Stereological post-mortem studies revealed a reduced volume of the left DG and a reduced number of granule neurons on the left side of this subregion in schizophrenia patients, pointing to disease-related pathophysiological processes.[82] These findings replicate former studies that have described such thinning.[83, 84] Consistent with this finding, decreased cell proliferation in the subgranular zone of the DG has been reported and indicates a deficit of neurogenesis.[85] Moreover, a circumscribed reduction of oligodendrocyte number was revealed in the left CA4 region of the hippocampus.[82, 86] In the same sample, a trend toward reduction of the density of oligodendrocyte transcription factor (Olig)1-positive cells was shown by immunohistochemistry.[87] Olig1 antibodies are known to stain precursor forms and mature oligodendrocyte populations, and Olig1 is needed for progenitor development and repair of myelin.[88] The above findings led to the hypothesis that the decreased number of oligodendrocytes in the left CA4 region indicates a disturbed regenerative process[89] and may be related to disturbed energy supply to mossy fiber axons.[90]

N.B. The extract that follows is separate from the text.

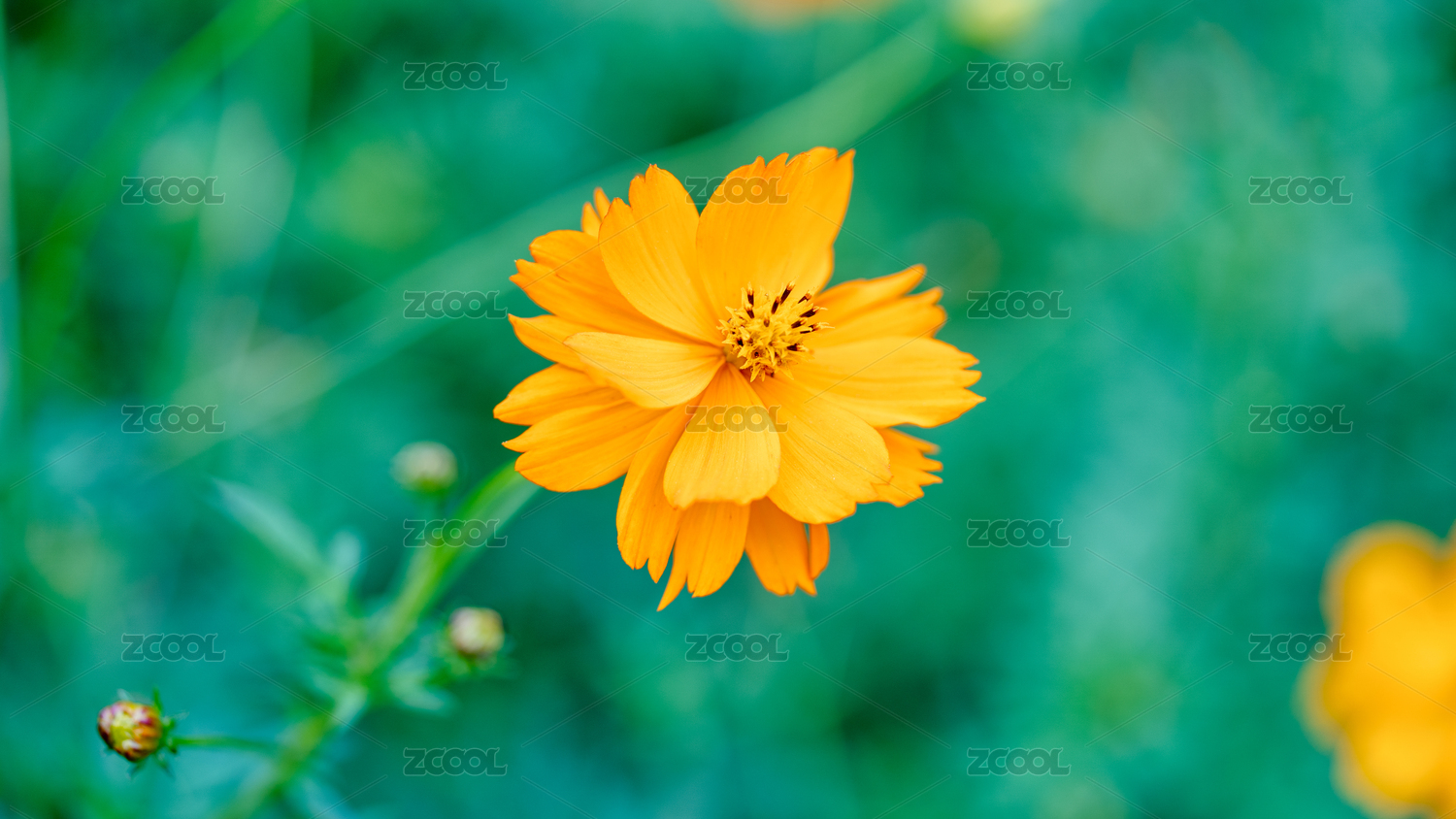 广东广州海珠湖公园绿色背景下的双色硫华菊

In summary, an increased genetic burden—as revealed by high PRSs—may affect pathways known to be involved in the pathophysiology of at least a subgroup of schizophrenia patients, lowering the beneficial effects of aerobic exercise augmented with cognitive remediation on hippocampal CA4/DG volume. However, our study also has some limitations. First, the sample size was small, and therefore the enrichment analyses have to be regarded as exploratory and the study needs to be replicated in a larger, independent sample.[91] Such a larger sample would also allow the accuracy of the relatively high R2 estimates in the present study to be confirmed. The analyses were corrected for multiple testing by using the Simes–Hommel procedure,[64, 65] and therefore the probability of a type I error was limited to α=0.05. Moreover, our leave-one-patient-out analyses also provided further support to the assumption that our results were not driven by potential outliers. A recent meta-analysis revealed that aerobic exercise increases hippocampal volume.[15] However, studies in schizophrenia have found different results for the effects of aerobic exercise on hippocampal structure, probably because the resolution of the acquired structural MRI data was lower and the human brain is subject to high variability in function, structure and response.[92, 93, 94] Furthermore, we did not use a randomization procedure to allocate the schizophrenia patients to the endurance training augmented with cognitive remediation or table soccer augmented with cognitive remediation group. This is an important limitation that may have resulted in a potential selection bias and baseline differences in psychopathology and dose of antipsychotic medication.[23, 24] Finally, during the second intervention period from 6 weeks to 3 months, we did not include additional study arms with cognitive remediation only or with endurance training only. Therefore, we cannot conclude whether the effects of PRSs on hippocampal subfield volumes are influenced by adding cognitive remediation or are caused by aerobic exercise alone.

Conclusion

Understanding the genetic factors that drive clinical improvement and influence hippocampal plasticity during aerobic exercise may allow to gain mechanistic insight into the underlying processes. We hypothesize that a high polygenic risk may negatively influence neuroplastic processes in the hippocampus during aerobic exercise augmented with cognitive remediation in schizophrenia, indicating a gene × environment interaction in which the genetic load influences the effects of the intervention on neuroplastic processes. These results, based on a limited sample of individuals, need to be replicated in larger samples, ideally assessed with the same instruments and intervention protocols.